Sobald ich an anderen Gewässern bin, kommt die Frage natürlich doch wieder auf. 
Mein persönlicher Umgang mit dem Thema: Ich gehe ausgesprochen selten zum gezielten Aalangeln, aber ich gehe ganz gezielt nie an geschlossene Gewässer angeln, in die Aale nur zum Zwecke des "Geangeltwerdens" eingesetzt wurden - und wenn die Situation es ermöglicht, dann erkläre ich den Verantwortlichen auch, warum ich genau hier ganz sicher nicht angeln werde. (Ich hoffe, möglichst viele Anlagenbetreiber und Vereins-Besatzverantwortliche lesen hier mit).
DAS ist nämlich etwas, was mich wirklich ärgert. Diese Aale hätten in ein Fliesgewässer gehört, um ganz normal Teil des Ökosystems zu sein und ihre Chance auf Laichwanderung zu haben. Zum Ökosystem gehört dann eben auch der Mensch als Jäger (nicht als Stromerzeuger, da gibt es zweifellos enormen Handlungsbedarf!) dazu, deswegen ist es ok für mich, im Jahr 4-5 Aale zu entnehmen. Aber ein Aal in einem geschlossenen Angelteich ist angesichts der hier hinlänglich diskutierten Situation einfach ein Unding.
Und ich stimme anderen Teilnehmern hier zu: Glasaalfischerei gehört schlicht verboten, mit Ausnahme zum Zwecke des (ökologischen!) Besatzes.

Gruß,
villemflusser


----------



## Frankenfischer (10. Februar 2011)

*AW: ...mal etwas zum Aal...einige "Aal-Gedanken" für 2011...*

Ich gebe Ernie völlig recht. Ich denke aber, man kann hier nicht verallgemeinern. Zuerst sollte man sich fragen, welche reele Chance der Aal hat, den man entweder nicht fängt oder zurücksetzt, sein Laichgegbiet zu erreichen. Wir z.B. bewirtschaften ein großes Stück der Fränkischen Rezat, welche zum Rheineinzugsgebiet gehört. Ein Aal, der bei uns besetzt wurde, müsste, um sein Laichgebiet zu erreichen erstmal 40 Querverbauungen der Rezat überwinden. Wenn er das geschafft hat, kommen unzählige Kraftwerke in den Flüssen Rednitz, Regnitz, Main und Rhein. In dem Bewußtsein, dass von 100 Aalen, die ich vielleicht nach dem Fang zurücksetze nicht einer seine Wanderung überleben würde, habe ich kein schlechtes Gewissen, weiterhin Aale zum Eigenverbrauch zu entnehmen. Vor allem, weil ich weiß, dass diese Aale alle von uns besetzt wurden. Ich glaube nicht, dass auch nur ein Glasaal, den natürlichen Weg in die Rezat schafft.


----------



## Der Pilot (10. Februar 2011)

*AW: ...mal etwas zum Aal...einige "Aal-Gedanken" für 2011...*

Wir haben mit unserem Verein vor vielen Jahren Steilufer angelegt um Nistmöglichkeiten für Eisvögel zu schaffen.
Später haben "Naturschützer" durchgesetzt, daß wir in eben diesen Bereichen nicht mehr angeln dürfen weil es dort wieder Eisvögel gab...

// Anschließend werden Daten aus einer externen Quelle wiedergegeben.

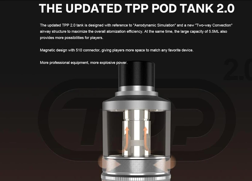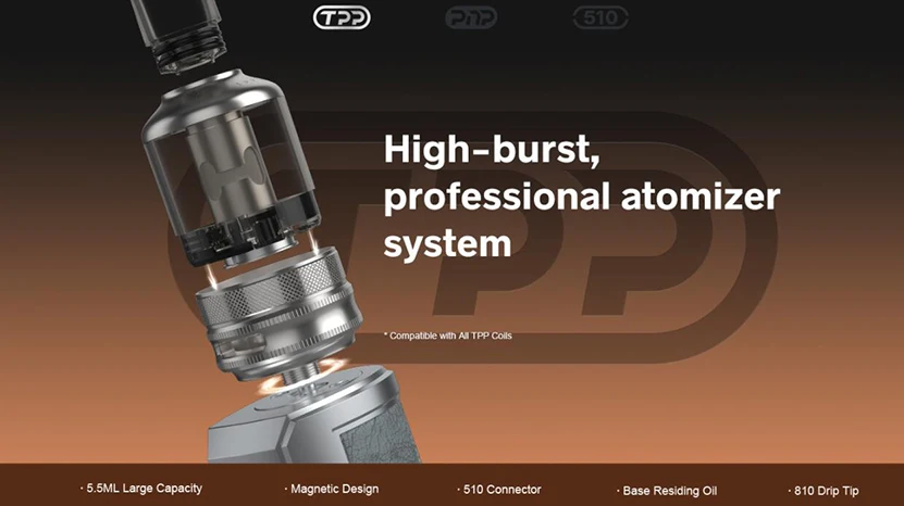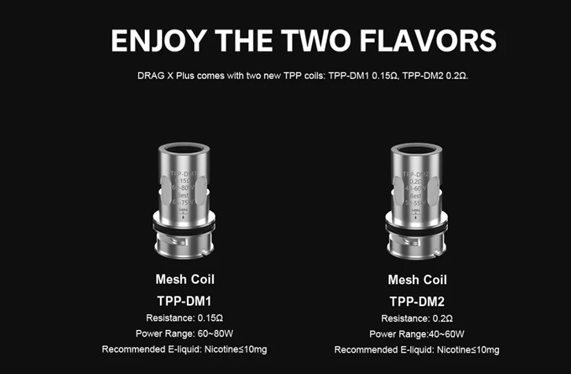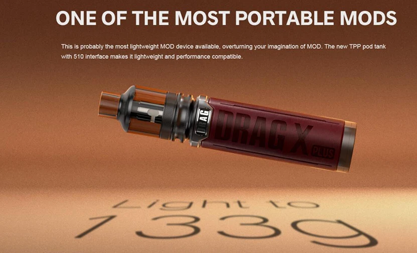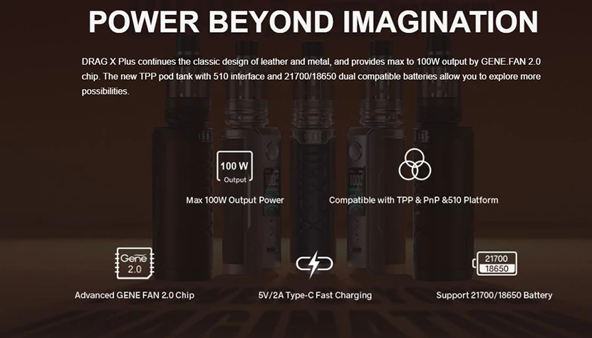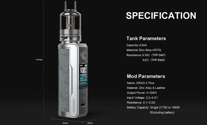 Drag X Plus Professional Edition Kit comprend Drag X Plus Professional Edition Mod et TPP 2.0 Pod Tank. Il est fabriqué en zinc, cuir et PCTG pour une sensation de main plus sympathique et confortable. Drag X Plus Professional Edition Mod prend en charge une seule batterie 18650/21700 et a une plage de puissance de sortie de 5-100W, il prend également en charge le mode VW/SMART/RBA, vous pouvez obtenir les informations de vapotage facilement avec un design d’écran TFT de 0.96 pouces. Le réservoir de dosettes TPP 2.0 a une grande capacité de jus électronique de 5.5ml et est compatible avec les bobines TPP. Vous pouvez utiliser d’autres atomiseurs sur Drag X Plus Professional Edition Mod avec connexion 510.

Einige Postings hier erinnern mich irgendwie daran.

Wird die Natur nicht gerade auch deshalb von vielen geliebt und geschützt weil sie sie nutzen? 

Eben dadurch daß manches genutzt wird entsteht doch erst öffentliches Interesse.
Ich denke daß einige der hier postenden sich kaum um den Schlammpeizger scheren solange er nicht zur Delikatesse erhoben wird.
Aber er profitiert von Aalanglern die z.B. mit Sorge auf Turbinen in Flussverbauungen hinweisen.


----------



## ali-angler (10. Februar 2011)

*AW: ...mal etwas zum Aal...einige "Aal-Gedanken" für 2011...*

Und selbst wenn einer der Aale durchkommt, ist er aufgrund der Hormone und Medikamentenreste im Wasser vielleicht sogar schon unfruchtbar. 
Mal im ernst wir Angler sind zwar in gewissem Maße Naturschützer, aber in erster Linie sind wir Angler. Das wird deutlich wenn man zu einer Jahreshauptversammlung im Verein geht und feststellt, dass von 350 Mitgliedern nicht mal 10% kommen und die hälfte der Anwesenden im Vorstand ist. Angler wollen eines und das ist Angeln. Wir zahlen Geld für Fischereischein, Erlaubniskarte, Vereinsbeitrag, Angelgerät, Köder, Futter und  eine Menge Schnick Schnack. Wieso machen wir das? Weil wir angeln wollen. Ich finde es gut das sich hier einige Angler Gedanken um ihre Umwelt machen, aber ändern tut das nichts. Um einen wirkungsvollen Beitrag zum Schutz der Aalbestände zu leisten muss man politisch aktiv werden, über den Verein, den Landes-Verband, dem Bundes-Verband, politische Ortsvereine, Stadträte, Landtage, Bundestag, Lobbyarbeit bis hin zur EU-Ebene. 
Um wieder zum Anfang zurück zu kommen, was wollen Angler?
Also sollte jeder für sich die Frage beantworten, will er angeln oder in die Politik!!!
Aus den genannten Gründen ( Verbauung, Belastung, Befischung, Klimawandel ) macht es keinen Sinn über die Entnahme einzelner Aale im Sinne einer Bestandserhaltung geschweige denn Rettung des Aals zu diskutieren. Hier dreht es sich nur um eine moralische Frage, kann ich es mit meinem Gewissen vereinbaren ein zum Sterben verurteilteln zu töten und sinnvoll zu verwerten oder ist es für mich moralisch nicht vertretbar, da so gering die Chance auch sein mag, dieser Aal es doch in die große weite See schaffen könnte.
Das ist meine Meinung: 
Ich finde den Aal sehr Faszinierend und hab mich im laufe der jahre immer mehr für diesen Fisch begeistert. Auch wenn ich die Situation um die Bestände sehr Bedenklich betrachte und es mich auch ein Stück weit traurig stimmt, kann ich persönlich es durchaus mit meinem Gewissen vereinbaren diesen Fisch weiter zu beangeln. Politisch aktiv werde ich in der Sache nicht, (ohne sich rechtfertigen zu wollen) da ich Angler bin und angeln möchte, auch wenn ich Politik studiere.


----------



## Boendall (10. Februar 2011)

*AW: ...mal etwas zum Aal...einige "Aal-Gedanken" für 2011...*

Solch Kraftwerke wären eine Alternative: http://www.all4engineers.com/index....550026696090/site=ut/lng=de/id=12659/alloc=93

allerdings werden die Stromkonzerne bestehende Anlagen deshalb nicht stillegen/umbauen und ob die EU wirklich diesen Druck erzeugt bezweifle ich.....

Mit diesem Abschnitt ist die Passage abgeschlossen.